ARDD Claw Bot (Slack) A community-level Slack bot serving the entire conference — not just registered app users. Attendees query it with /ardd now, /ardd schedule, /ardd speaker, and /ardd notes to navigate the programme in real time. They submit session impressions via /ardd note, which are aggregated into a shared feed the whole community can query. Organisers push announcements through /ardd announce. At 6 PM each conference day, the bot auto-generates and posts a digest of everything that happened — sessions held, highlights, and notable attendee impressions — and archives the full record for a structured post-conference export.

How we built it

We built Mycellium using a modern full-stack web architecture focused on scalability, real-time interaction, and visualization.

Backend

  • Node.js
  • Express
  • TypeScript
  • PostgreSQL
  • Prisma ORM

Frontend

  • React / Next.js
  • Tailwind CSS
  • React Force Graph for the research visualization engine

Real-Time Features

  • Socket.IO for live messaging and networking interactions

AI / Matching Layer For matchmaking, we combined:

  • keyword overlap analysis
  • publication similarity
  • research-interest embeddings
  • rule-based explanation generation

Instead of training expensive custom AI models, we used lightweight semantic similarity approaches and structured reasoning systems to create customized recommendations while staying within hackathon constraints.

Infrastructure

To keep the project fully accessible and deployable on free tiers, we used:

  • Supabase PostgreSQL
  • Render
  • Vercel
  • Cloudinary for video hosting

Challenges we ran into

One of our biggest challenges was creating the Claw Bot as we had never worked with Slack bots before. Among the many issues we ran into, one particularly tricky one was Slack's 3-second ack deadline, which required slash commands to acknowledge an incoming request within ~3 seconds. The /ardd note modal was especially tricky: trigger_id expires ~3 seconds after the slash command fires, so views.open must happen essentially immediately. We solved this by warming a modal view cache at bot startup so the modal open never blocks on a DB query. Thanks to our mentor, Fenil Shah, we were able to solve that issue along with numerous other bugs.

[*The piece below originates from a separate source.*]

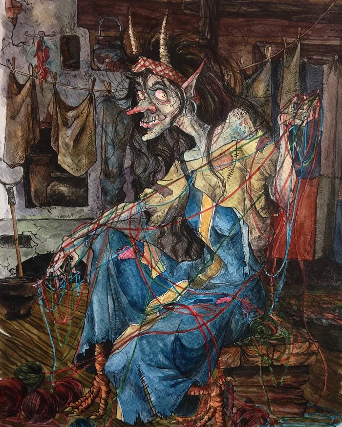 Ещё один поменявший облик персонаж. Вот почему болота? Откуда Высоцкий это взял? Ну да ладно. Это вредный (чаще всего, хотя есть вариант и духа - помощника, женой домового) дух, который имеет вид безобразной старушки/старичка, с рогами, хвостом, шерстью, перьями, в общем куча описаний. Но все они неприятны. Она может завестись, если дома не всё хорошо, или же если колдун/ведьма подложили куклу, которая и стала кикиморой. Или же злые строители тоже могли стать причиной её появления, так что не ссорьтесь со строителями!

Another major challenge was designing the matchmaking engine in a way that felt genuinely intelligent without relying on expensive large-scale AI infrastructure. We spent significant time thinking about how to make recommendations feel meaningful rather than random. This led us to focus heavily on explainability and relationship reasoning instead of purely numerical similarity scores.

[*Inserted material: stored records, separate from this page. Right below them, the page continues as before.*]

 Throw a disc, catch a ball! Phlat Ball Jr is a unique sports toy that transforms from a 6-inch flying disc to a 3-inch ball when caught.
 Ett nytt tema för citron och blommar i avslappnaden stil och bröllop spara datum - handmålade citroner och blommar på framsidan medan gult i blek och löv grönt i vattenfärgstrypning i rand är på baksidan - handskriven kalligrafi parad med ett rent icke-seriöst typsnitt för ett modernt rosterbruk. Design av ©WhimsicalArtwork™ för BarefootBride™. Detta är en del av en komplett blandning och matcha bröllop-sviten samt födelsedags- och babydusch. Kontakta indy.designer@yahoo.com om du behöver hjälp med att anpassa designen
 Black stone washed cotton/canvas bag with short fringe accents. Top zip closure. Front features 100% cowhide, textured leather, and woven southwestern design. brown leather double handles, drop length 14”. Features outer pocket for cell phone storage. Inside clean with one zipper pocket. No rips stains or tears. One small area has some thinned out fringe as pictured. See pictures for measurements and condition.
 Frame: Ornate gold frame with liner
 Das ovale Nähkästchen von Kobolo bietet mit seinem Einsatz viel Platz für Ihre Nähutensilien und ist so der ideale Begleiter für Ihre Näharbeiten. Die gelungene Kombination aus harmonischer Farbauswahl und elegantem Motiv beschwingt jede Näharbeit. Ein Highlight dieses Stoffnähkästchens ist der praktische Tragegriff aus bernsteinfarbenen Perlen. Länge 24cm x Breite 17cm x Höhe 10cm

The research graph was also technically challenging because force-directed visualizations can quickly become overwhelming or computationally expensive as the number of nodes increases. We had to carefully structure graph relationships, precompute connections, and optimize filtering to keep the experience interactive and responsive.

We also learned that building a strong networking platform is not just a technical problem — it is a UX problem. Scientific collaboration depends on trust, clarity, and relevance, so we focused on making every interaction feel purposeful rather than overwhelming.

What we learned

This project taught us a lot about:

  • graph-based relationship modeling
  • recommendation systems
  • semantic similarity
  • scalable backend architecture
  • real-time systems
  • scientific UX design

More importantly, we learned how difficult it is to design technology that genuinely helps people connect in meaningful ways. Building Mycellium pushed us to think not just about software engineering, but about how ideas, research, and collaboration spread through scientific communities.

What's next for Mycellium

We see Mycellium evolving into a persistent scientific collaboration platform that extends far beyond a single conference.

Future plans include:

  • AI-generated research summaries
  • automated collaboration recommendations
  • live session intelligence
  • dynamic community clustering
  • longitudinal collaboration tracking
  • integrated paper and citation analysis
  • conference knowledge archives

Our goal is to help transform scientific conferences from temporary events into continuously evolving networks of discovery. We hope to see you at ARDD 2026 in Boston!